Further aggravating Northerners was the fact that though the coup plotters were in detention, Ironsi seemed in no hurry to try them. Rumours started to swirl in the North that Ironsi himself had known about the coup beforehand and let it happen as he knew he'd be first in line to
head a military government as the country's most senior military officer. Ironsi then made some political blunders which would provoke catastrophic consequences. By June 1966, Schwarz was warning about how Ironsi's reliance on mostly Igbo advisers was "leading Nigeria back to
tribal strife" as he had come to increasingly rely on "friends he could trust" for political advice. Considering these friends were predominantly Igbo, "this soon began to look like a clique to outsiders. In this atmosphere came the unitary decree of May 24, 1967, abolishing
Nigeria's federal system."

Ironsi's announcement of the decree, officially abolishing the federal structure and replacing it with a unitary system, was for many Northerners, a clear sign Igbos wanted a return to the days when they generally ran the North's bureaucracy.
The reaction revealed just what kind of passions the issue of political structuring could trigger in polarized multi-ethnic Nigeria.

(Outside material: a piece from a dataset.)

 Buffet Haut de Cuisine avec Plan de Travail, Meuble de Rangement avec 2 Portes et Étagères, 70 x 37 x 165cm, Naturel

In response to Ironsi's decision, and the urgings of some Northern elites, Igbo lives and property were attacked on a massive scale in May 1966.
It began with a demonstration in the city of Zaria by students of the Institute of Administration and the Ahmadu Bello University against the unification decree which they feared would adversely affect their competition for jobs by throwing open the relatively closed job market
of the North to Southerners. This was followed in July with massacres of Igbo soldiers by their fellow soldiers in the Nigerian army. Northern soldiers were determined to end what they saw as Igbo domination in Nigeria's military and current power structures.
On July 29, 1966, "they descended with ethnic vengeance on the Igbo officers and men, eliminating them in large numbers."

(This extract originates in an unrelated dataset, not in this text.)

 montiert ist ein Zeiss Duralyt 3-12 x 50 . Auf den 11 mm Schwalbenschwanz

In July 1966, Northern officers organized a counter-coup, killing Ironsi and appointing Lieutenant-General Yakubu Gowon as head of state.
Gowon was from the North, but neither Hausa-Fulani nor Muslim. He was a Christian from one of the North's minority groups and thus presented as a unifier in this period of heightened sectarian tension.
Perhaps we shall stop there for today. Tomorrow will be our 15th and final session, summing up the events of late 1966 and early 1967 leading up to Nigeria's civil war.

Have a good day folks!
As @biodunokeowo_rb kindly pointed out to me, there is a typo in the thread. I wrote that the Unitary decree was announced by Aguiyi-Ironsi in May 1967, it was of course in May 1966. Please note! Thanks for that @biodunokeowo_rb!